Carta
Encíclica
Quamquam
pluries
LEÓN XIII
Sobre el
Rosario
y el
Patrocinio de San José
15 de
agosto de 1889
A Nuestros Venerables Hermanos los Patriarcas, Primados, Arzobispos
y otros Ordinarios, en Paz y Unión con la Sede Apostólica.
1. Aunque muchas veces antes Nos hemos dispuesto que se ofrezcan
oraciones especiales en el mundo entero, para que las intenciones del
Catolicismo puedan ser insistentemente encomendadas a Dios, nadie considerará
como motivo de sorpresa que Nos consideremos el momento presente como oportuno
para inculcar nuevamente el mismo deber. Durante períodos de tensión y de
prueba —sobre todo cuando parece en los hechos que toda ausencia de ley es
permitida a los poderes de la oscuridad— ha sido costumbre en la Iglesia
suplicar con especial fervor y perseverancia a Dios, su autor y protector, recurriendo
a la intercesión de los santos —y sobre todo de la Santísima Virgen María,
Madre de Dios— cuya tutela ha sido siempre muy eficaz. El fruto de esas
piadosas oraciones y de la confianza puesta en la bondad divina, ha sido
siempre, tarde o temprano, hecha patente. Ahora, Venerables Hermanos, ustedes
conocen los tiempos en los que vivimos; son poco menos deplorables para la
religión cristiana que los peores días, que en el pasado estuvieron llenos de
miseria para la Iglesia. Vemos la fe, raíz de todas las virtudes cristianas,
disminuir en muchas almas; vemos la caridad enfriarse; la joven generación
diariamente con costumbres y puntos de vista más depravados; la Iglesia de
Jesucristo atacada por todo flanco abiertamente o con astucia; una implacable
guerra contra el Soberano Pontífice; y los fundamentos mismos de la religión
socavados con una osadía que crece diariamente en intensidad. Estas cosas son,
en efecto, tan notorias que no hace falta que nos extendamos acerca de las
profundidades en las que se ha hundido la sociedad contemporánea, o acerca de
los proyectos que hoy agitan las mentes de los hombres. Ante circunstancias tan
infaustas y problemáticas, los remedios humanos son insuficientes, y se hace
necesario, como único recurso, suplicar la asistencia del poder divino.

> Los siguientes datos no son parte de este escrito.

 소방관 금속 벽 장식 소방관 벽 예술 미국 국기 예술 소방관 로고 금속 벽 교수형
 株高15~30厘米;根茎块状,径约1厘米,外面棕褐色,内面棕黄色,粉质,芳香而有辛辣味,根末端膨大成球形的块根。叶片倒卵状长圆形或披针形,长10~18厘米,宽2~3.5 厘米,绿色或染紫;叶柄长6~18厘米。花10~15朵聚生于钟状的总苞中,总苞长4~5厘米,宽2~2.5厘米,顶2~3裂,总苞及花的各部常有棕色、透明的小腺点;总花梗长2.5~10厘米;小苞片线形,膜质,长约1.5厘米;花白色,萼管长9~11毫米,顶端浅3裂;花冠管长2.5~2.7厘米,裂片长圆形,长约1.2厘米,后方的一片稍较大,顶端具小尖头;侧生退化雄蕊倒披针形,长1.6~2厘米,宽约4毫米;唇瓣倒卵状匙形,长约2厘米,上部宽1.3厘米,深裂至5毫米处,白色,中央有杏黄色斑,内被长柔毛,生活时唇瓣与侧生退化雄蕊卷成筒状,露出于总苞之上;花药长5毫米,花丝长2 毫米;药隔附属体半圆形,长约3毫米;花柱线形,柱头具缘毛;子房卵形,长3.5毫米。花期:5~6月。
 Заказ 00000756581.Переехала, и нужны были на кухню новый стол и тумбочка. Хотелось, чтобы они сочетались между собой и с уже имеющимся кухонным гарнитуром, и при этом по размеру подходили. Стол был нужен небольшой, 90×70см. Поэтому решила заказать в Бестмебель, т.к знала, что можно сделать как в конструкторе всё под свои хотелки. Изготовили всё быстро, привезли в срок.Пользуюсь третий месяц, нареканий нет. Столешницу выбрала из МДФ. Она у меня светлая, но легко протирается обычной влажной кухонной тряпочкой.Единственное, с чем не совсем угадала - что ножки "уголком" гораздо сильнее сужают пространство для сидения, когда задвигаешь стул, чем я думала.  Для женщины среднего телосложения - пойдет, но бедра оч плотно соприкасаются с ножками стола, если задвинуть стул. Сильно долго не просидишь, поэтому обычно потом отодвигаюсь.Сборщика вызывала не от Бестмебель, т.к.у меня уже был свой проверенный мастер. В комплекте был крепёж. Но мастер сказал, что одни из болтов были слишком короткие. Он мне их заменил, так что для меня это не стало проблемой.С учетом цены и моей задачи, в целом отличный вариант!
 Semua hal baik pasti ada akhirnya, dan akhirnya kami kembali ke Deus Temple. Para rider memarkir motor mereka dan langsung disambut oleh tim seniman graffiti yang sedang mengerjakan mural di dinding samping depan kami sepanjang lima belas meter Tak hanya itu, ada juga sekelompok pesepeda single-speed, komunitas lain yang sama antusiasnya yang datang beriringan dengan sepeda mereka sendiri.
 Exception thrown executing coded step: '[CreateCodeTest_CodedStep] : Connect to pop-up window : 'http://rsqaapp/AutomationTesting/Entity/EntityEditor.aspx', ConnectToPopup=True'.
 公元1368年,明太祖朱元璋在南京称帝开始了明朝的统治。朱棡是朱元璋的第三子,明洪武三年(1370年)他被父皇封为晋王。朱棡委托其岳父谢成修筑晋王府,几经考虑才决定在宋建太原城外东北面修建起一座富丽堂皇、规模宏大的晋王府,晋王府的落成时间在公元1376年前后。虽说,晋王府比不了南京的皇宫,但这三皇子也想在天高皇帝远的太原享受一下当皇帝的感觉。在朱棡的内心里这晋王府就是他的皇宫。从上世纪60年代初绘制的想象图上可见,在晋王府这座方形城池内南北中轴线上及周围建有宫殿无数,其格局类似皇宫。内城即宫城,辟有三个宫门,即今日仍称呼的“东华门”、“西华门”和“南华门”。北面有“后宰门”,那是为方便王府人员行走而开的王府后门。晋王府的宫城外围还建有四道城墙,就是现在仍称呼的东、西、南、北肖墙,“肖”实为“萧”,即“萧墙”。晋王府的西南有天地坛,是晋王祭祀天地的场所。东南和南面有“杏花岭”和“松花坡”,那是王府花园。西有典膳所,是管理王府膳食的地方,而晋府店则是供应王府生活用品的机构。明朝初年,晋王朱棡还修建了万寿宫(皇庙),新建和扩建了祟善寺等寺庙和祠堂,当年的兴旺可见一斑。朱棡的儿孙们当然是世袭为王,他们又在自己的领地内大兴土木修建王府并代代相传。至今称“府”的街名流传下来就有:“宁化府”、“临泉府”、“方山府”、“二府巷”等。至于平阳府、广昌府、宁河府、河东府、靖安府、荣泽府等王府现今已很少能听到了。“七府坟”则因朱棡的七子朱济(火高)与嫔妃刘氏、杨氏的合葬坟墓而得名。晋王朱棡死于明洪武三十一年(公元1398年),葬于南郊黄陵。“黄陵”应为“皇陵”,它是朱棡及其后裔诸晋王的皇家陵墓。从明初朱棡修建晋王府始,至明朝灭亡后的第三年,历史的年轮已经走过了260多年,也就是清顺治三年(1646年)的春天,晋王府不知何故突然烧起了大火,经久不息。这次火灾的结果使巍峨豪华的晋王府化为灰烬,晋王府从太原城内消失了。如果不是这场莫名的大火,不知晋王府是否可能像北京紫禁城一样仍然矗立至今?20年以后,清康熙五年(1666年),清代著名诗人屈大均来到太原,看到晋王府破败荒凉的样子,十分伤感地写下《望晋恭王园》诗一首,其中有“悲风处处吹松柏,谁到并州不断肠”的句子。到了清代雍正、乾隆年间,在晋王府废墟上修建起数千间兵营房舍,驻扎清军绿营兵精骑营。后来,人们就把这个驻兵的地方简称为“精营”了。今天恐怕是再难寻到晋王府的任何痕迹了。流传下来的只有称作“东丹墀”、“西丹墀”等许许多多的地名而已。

2. Este es el motivo por el que Nos hemos considerado necesario
dirigirnos al pueblo cristiano y exhortarlo a implorar, con mayor celo y
constancia, el auxilio de Dios Todopoderoso. Estando próximos al mes de
octubre, que hemos consagrado a la Virgen María, bajo la advocación de Nuestra
Señora del Rosario, Nos exhortamos encarecidamente a los fieles a que
participen de las actividades de este mes, si es posible, con aun mayor piedad
y constancia que hasta ahora. Sabemos que tenemos una ayuda segura en la
maternal bondad de la Virgen, y estamos seguros de que jamás pondremos en vano
nuestra confianza en ella. Si, en innumerables ocasiones, ella ha mostrado su
poder en auxilio del mundo cristiano, ¿por qué habríamos de dudar de que ahora renueve
la asistencia de su poder y favor, si en todas partes se le ofrecen humildes y
constantes plegarias? No, por el contrario creemos en que su intervención será
de lo más extraordinaria, al habernos permitido elevarle nuestras plegarias,
por tan largo tiempo, con súplicas tan especiales. Pero Nos tenemos en mente
otro objeto, en el cual, de acuerdo con lo acostumbrado en ustedes, Venerables
Hermanos, avanzarán con fervor. Para que Dios sea más favorable a nuestras
oraciones, y para que Él venga con misericordia y prontitud en auxilio de Su
Iglesia, Nos juzgamos de profunda utilidad para el pueblo cristiano, invocar
continuamente con gran piedad y confianza, junto con la Virgen-Madre de Dios,
su casta Esposa, a San José; y tenemos plena seguridad de que esto será del
mayor agrado de la Virgen misma. Con respecto a esta devoción, de la cual Nos
hablamos públicamente por primera vez el día de hoy, sabemos sin duda que no
sólo el pueblo se inclina a ella, sino que de hecho ya se encuentra
establecida, y que avanza hacia su pleno desarrollo. Hemos visto la devoción a
San José, que en el pasado han desarrollado y gradualmente incrementado los
Romanos Pontífices, crecer a mayores proporciones en nuestro tiempo,
particularmente después que Pío IX, de feliz memoria, nuestro predecesor,proclamase, dando su consentimiento al pedido de un gran número de obispos, a este santo patriarca como el Patrono de la Iglesia Católica. Y puesto que, más
aún, es de gran importancia que la devoción a San José se introduzca en las diarias
prácticas de piedad de los católicos, Nos deseamos exhortar a ello al pueblo
cristiano por medio de nuestras palabras y nuestra autoridad.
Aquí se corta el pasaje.